Short Ticketing Detection Framework Analysis Report

A joint research project between Cubic and independent researchers from Imperial College London's AIDA Lab - Yuyang Miao, Huijun Xing, Tony G. Constantinides, and Danilo P. Mandic.

Fare evasion costs UK rail £240 million every year.

Short ticketing, where passengers pay for part of a journey instead of end to end, is one way rail companies are losing money.

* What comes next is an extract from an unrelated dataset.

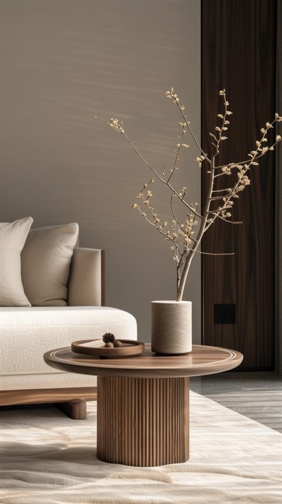Envision Japandi-style Center tables for Midjourney, inspired by japandi style, incorporating clean lines, chiseled or fluted wood textures, and the addition of rattan or other materials. Strive for a seamless blend of Japanese and Scandinavian aesthetics, emphasizing quality craftsmanship, functionality, and simplicity. Create bedside tables that not only contribute to the serene and elegant atmosphere but also introduce a tactile and inviting touch through the incorporation of diverse textures --ar 9:16 --style raw --v 6.0

This comprehensive report, produced in collaboration with the team from Imperial College London, analysed 6.5million  journey records from 100 stations using a multi-expert AI framework to reveal how data can help tackle this issue head on.

 

Key Highlights:

  • AI-Powered Detection: The framework applied four unsupervised machine learning algorithms to detect anomalous travel behaviours without relying on labelled data: Isolation Forest, Local Outlier Factor, One-Class SVM, and Mahalanobis Distance.
  • Fraud Identification: The newly introduced AI classification system identified 30 high-risk stations and five distinct short ticketing patterns, including “Ghost Station” and “Black-Hole” behaviours.
  • Operational Impact: The framework enables targeted deployment of revenue protection staff, replacing random inspections with data-driven interventions.
  • Strategic Value: This research demonstrates how AI can automate short ticketing detection at scale, offering a replicable model for transit authorities globally to combat fare evasion more effectively.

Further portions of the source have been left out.